長岳寺の血天井。
境内の本堂には、戦の生々しい痕跡が残されています。
本堂真正面から階段を上がり、向ってやや右方向の天井を見上げると、確かにそこに足跡のようなものが見られます。カキツバタの観賞が主な目的の今回の参拝でしたが、思わぬ歴史の足跡に息を呑みました。
長岳寺の血天井。
流れ出た血は重力で足元を伝うのでしょうか。必死の形相でこの地に辿り着いた武将の無念を思います。
血天井と言えば、京都の三十三間堂の前に佇む養源院の血天井がよく知られるところです。天井を見上げながら、ガイドの方が生々しい歴史を解説して下さったことをつい昨日のことのように思い出します。
龍王山城の十市遠忠!血天井の歴史
血痕の残る板をなぜ天井に嵌め込んだのか?
養源院などでもそうですが、そこには息絶えた武士に対する敬意が感じられます。忠節を誓った者たちの跡を、足で踏み付けるわけにはいかなかったのでしょう。
長岳寺の血天井には歴史案内は付きません。
家に帰って詳しく調べてみると、山の辺の道の東に位置する龍王山城との関係が浮かび上がります。龍王山城は大和の豪族であった十市遠忠が築いた城です。その城を松永弾正久秀に攻められ、長岳寺境内でも戦乱があったものと思われます。
斬り付けられた十市方の武将が血まみれになって、縁側から本堂に逃げ込み、この場所で息絶えたと伝えられます。
長岳寺本堂。
手前に鐘、向こう側には賓頭虜尊者が見えます。
龍王山城主の十市遠忠においては、「ジャンジャン火伝説」という悲しくも怖ろしいお話が伝えられていますが、長岳寺の血天井にも同じような怨念のようなものが感じられます。忘れたくても忘れられない、そんな人間の想いが伝わってくるのです。
長岳寺肘切門が見えますね。
刀の切れ味を披露したことに由来する肘切門。
長岳寺の歴史をあちこちに見ながら、その通って来た道のりの長さを思います。血天井の天井の板は、血が付いた縁側の板を天井に張り替えたものです。
さすがにそのまま縁側の板としては使えなかったのでしょう。
本堂内の多聞天像。
天井にも何か描かれていますね。
所謂「天井画」と呼ばれるものなのでしょうか。聖徳太子生誕の地と言われる橘寺境内でも、往生院の天井画を楽しむことができます。
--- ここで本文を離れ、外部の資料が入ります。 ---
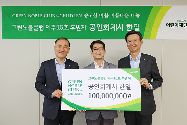 제주시 오라동에 위치한 한일세무회계사무소 한일 회계사는 최근 초록우산 어린이재단 제주지역본부(본부장 김희석)가 어린이의 꿈과 미래를 위해 진행하는 1억원 이상 고액기부자모임인 그린노블클럽 제주16호 회원에 가입했다. 한일 회계사는 앞으로 후원금 1억원을 5년 동안 나눠 기부할 예정이다.

畳の上に仰向けになって鑑賞する天井画なのですが、ここ長岳寺の天井画はそれほど本格的なものではなさそうです。
長岳寺本堂と杜若。
本堂と鐘楼門の間に見えている長いポールは被雷針でしょうか。
重要文化財の建築物を守るために講じられている対策の一つのようです。
長岳寺の賓頭虜尊者。
びんずる尊者の頭上斜め上に血天井があります。
この位置からも血天井を確認することができます。
お札の上の方にべっとりと血糊が付着しています。
長岳寺の最寄り駅はJR柳本駅ですが、一つ北側のJR長柄駅周辺を歩いた時にも戦の臭いを感じたのを思い出します。戦艦大和の御魂を祀る大和神社もすぐ近くにあります。そもそも長岳寺は大和神社の神宮寺として創建されています。
時代は違いますが、戦いの跡が見られるという点では、何か共通するものを感じます。
長岳寺庫裏。
山の辺の道ハイキングで訪れる人も多い長岳寺。
カキツバタや紅葉、それに阿弥陀三尊像の他にも意外な見所を発見することができました。
長岳寺参詣の際には、是非一度本堂の血天井を確認されることをおすすめします。